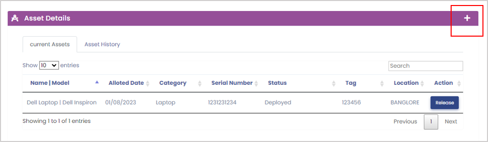 Now the asset you just added will be visible under the ‘Current Assets’ tab. To remove an asset from an employee you need to click on the ‘Release’ button.
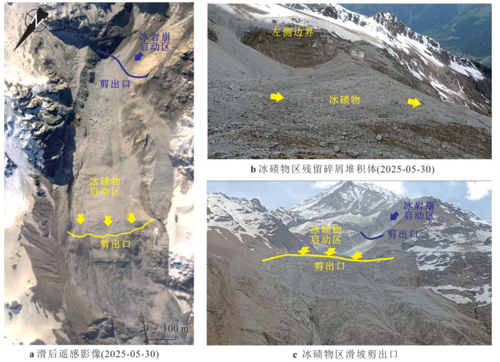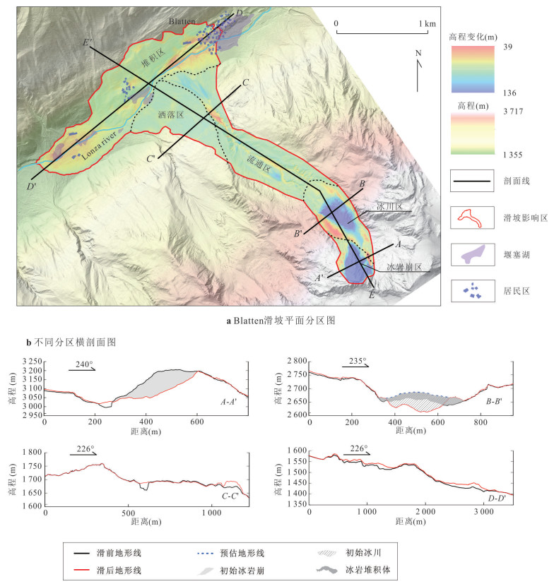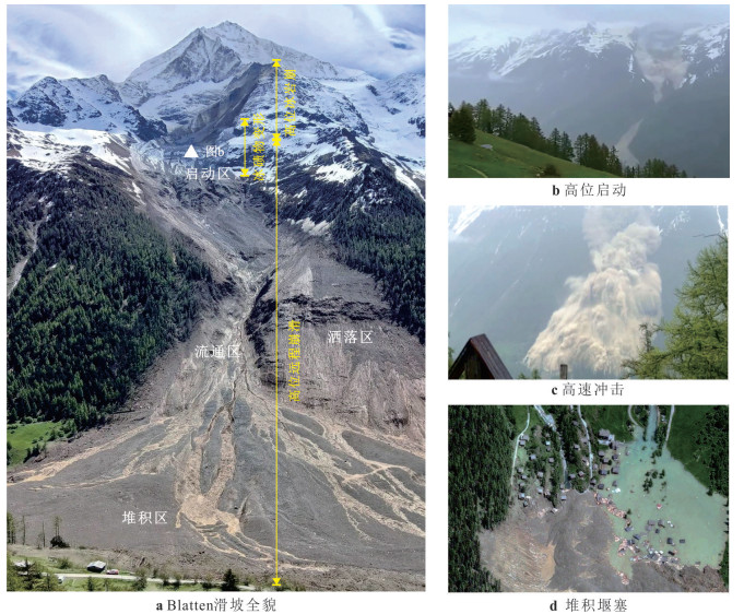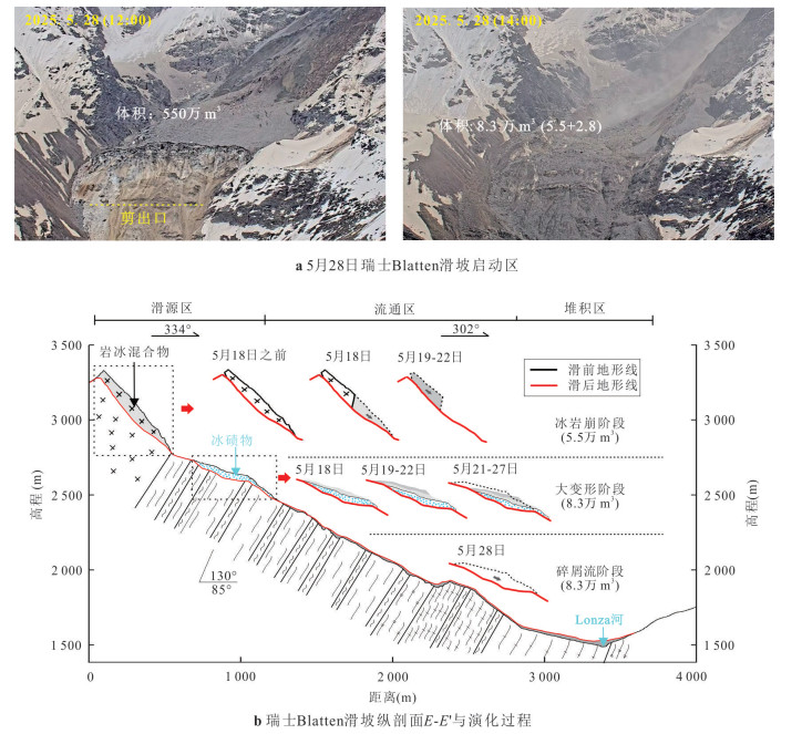 2025年5月28日瑞士瓦莱州布拉滕村(Blatten)上游发生高位远程冰岩崩事件,滑体体积为830万m3,运动距离为3 300 m,堆积面积为2.66 km2,滑坡堆积导致1人遇难,300名居民撤离,隆扎河堰塞断流.综合遥感调查、滑震信号解译和动力学数值模拟等方法,揭示了瑞士Blatten高位远程冰岩碎屑流动力成灾过程与级联放大效应.结果表明:(1)瑞士Blatten滑坡发生过程主要呈现为高位冰岩崩加载-冰川融化变形-高位远程碎屑流成灾3个地质演化阶段;(2)该滑坡具有强烈的级联放大效应,上部危岩体逐渐垮塌堆积于Birch冰川之上,随着冰川上覆堆积逐渐积累和冰川强度的逐渐弱化,最终发生整体失稳,造成了此次巨大规模成灾;(3)冰屑和融水显著降低了滑体运动阻力,促进碎屑流低摩阻远程致灾.综上研究,认为在高位远程滑坡调查、风险评估与早期预警中,应充分考虑多次小滑坡累积成大灾的级联放大效应,该级联放大效应将大幅提高灾害的破坏力和危害性.瑞士Blatten滑坡为我国西部山区城镇风险区划和重大工程建设中面临的高位远程地质灾害风险提供了重要警示作用.
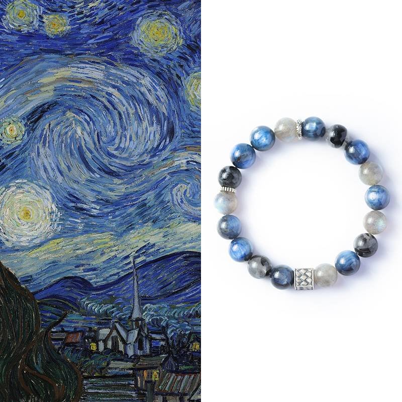 Inspired by Van Gogh’s masterpiece “Starry Night,” the Van Gogh Starry Sky Crystal Bracelet combines the mystical glow of moonstone and Blue Rutilated Quartz, bringing the brilliance of art to your wrist.
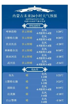 据呼和浩特市气象台最新消息:
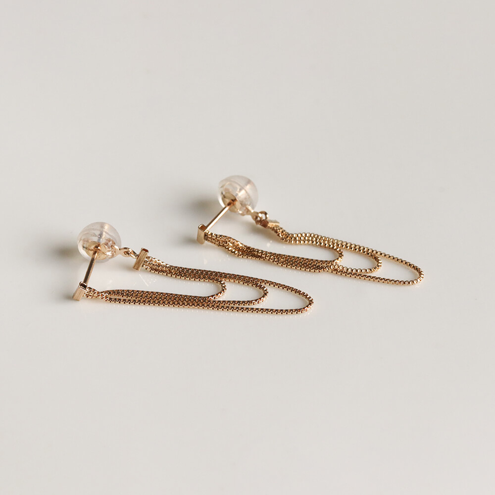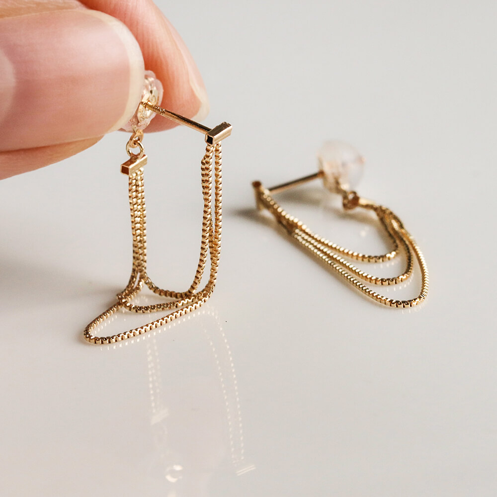長さの異なる繊細なチェーンは動きに合わせてさりげなく揺れ、光をきれいに反射して耳元を明るく見せてくれます。
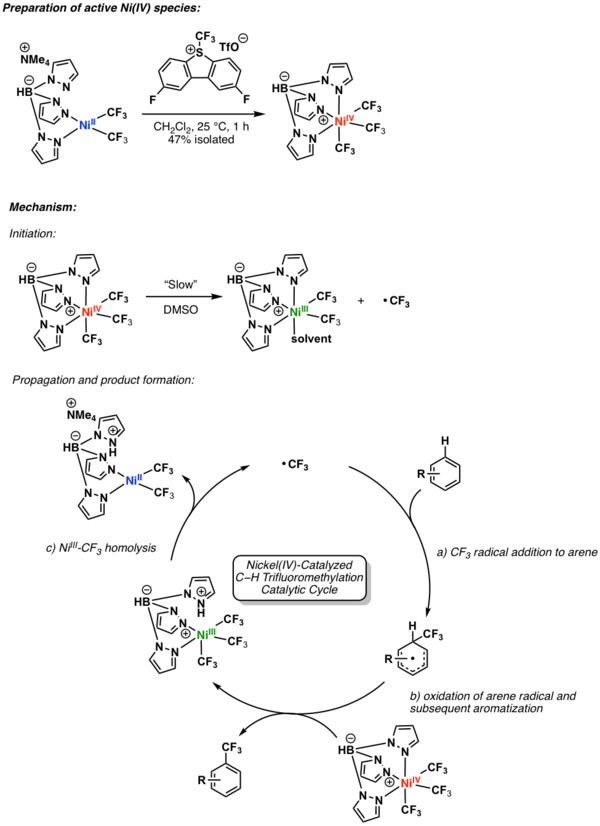 - ↑ D'Accriscio, Florian; Borja, Pilar; Saffon-Merceron, Nathalie; Fustier-Boutignon, Marie; Mézailles, Nicolas; Nebra, Noel (2017-09-06). "C−H Bond Trifluoromethylation of Arenes Enabled by a Robust, High-Valent Nickel(IV) Complex". Angewandte Chemie International Edition. 56 (42): 12898–12902. doi:10.1002/anie.201706237. ISSN 1433-7851. PMID 28815889.
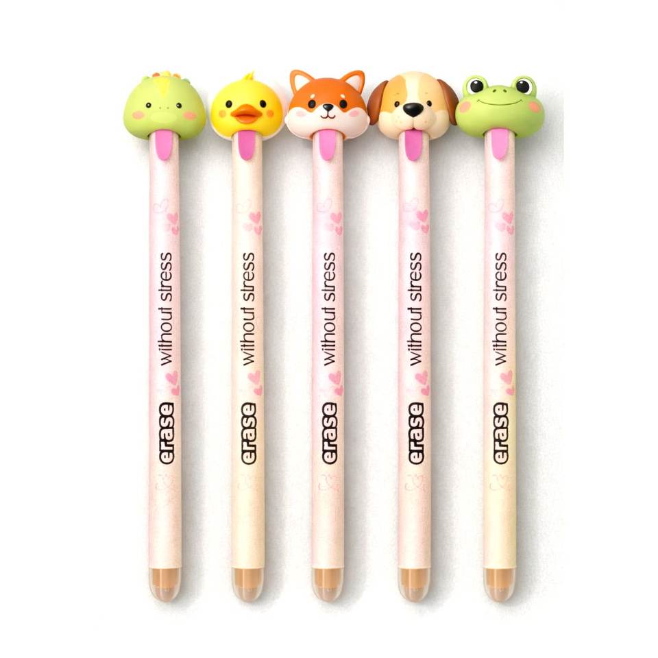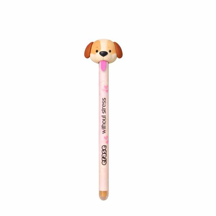 Bolígrafo de Gel Nicher con Diseño de Cabeza de Perro, Extraíble, Borrable, de Plástico, Personalizable, para Niños, Estudiantes, Fiestas, Oficina, Azul/Negro, 0.7 mm

+ + + +

◆ What you need to do: In full and without error, repeat the listing above, omitting its images.

◆ Task answer:
 Now the asset you just added will be visible under the ‘Current Assets’ tab. To remove an asset from an employee you need to click on the ‘Release’ button.
 2025年5月28日瑞士瓦莱州布拉滕村(Blatten)上游发生高位远程冰岩崩事件,滑体体积为830万m3,运动距离为3 300 m,堆积面积为2.66 km2,滑坡堆积导致1人遇难,300名居民撤离,隆扎河堰塞断流.综合遥感调查、滑震信号解译和动力学数值模拟等方法,揭示了瑞士Blatten高位远程冰岩碎屑流动力成灾过程与级联放大效应.结果表明:(1)瑞士Blatten滑坡发生过程主要呈现为高位冰岩崩加载-冰川融化变形-高位远程碎屑流成灾3个地质演化阶段;(2)该滑坡具有强烈的级联放大效应,上部危岩体逐渐垮塌堆积于Birch冰川之上,随着冰川上覆堆积逐渐积累和冰川强度的逐渐弱化,最终发生整体失稳,造成了此次巨大规模成灾;(3)冰屑和融水显著降低了滑体运动阻力,促进碎屑流低摩阻远程致灾.综上研究,认为在高位远程滑坡调查、风险评估与早期预警中,应充分考虑多次小滑坡累积成大灾的级联放大效应,该级联放大效应将大幅提高灾害的破坏力和危害性.瑞士Blatten滑坡为我国西部山区城镇风险区划和重大工程建设中面临的高位远程地质灾害风险提供了重要警示作用.
 Inspired by Van Gogh’s masterpiece “Starry Night,” the Van Gogh Starry Sky Crystal Bracelet combines the mystical glow of moonstone and Blue Rutilated Quartz, bringing the brilliance of art to your wrist.
 据呼和浩特市气象台最新消息:
長さの異なる繊細なチェーンは動きに合わせてさりげなく揺れ、光をきれいに反射して耳元を明るく見せてくれます。
 - ↑ D'Accriscio, Florian; Borja, Pilar; Saffon-Merceron, Nathalie; Fustier-Boutignon, Marie; Mézailles, Nicolas; Nebra, Noel (2017-09-06). "C−H Bond Trifluoromethylation of Arenes Enabled by a Robust, High-Valent Nickel(IV) Complex". Angewandte Chemie International Edition. 56 (42): 12898–12902. doi:10.1002/anie.201706237. ISSN 1433-7851. PMID 28815889.
 Bolígrafo de Gel Nicher con Diseño de Cabeza de Perro, Extraíble, Borrable, de Plástico, Personalizable, para Niños, Estudiantes, Fiestas, Oficina, Azul/Negro, 0.7 mm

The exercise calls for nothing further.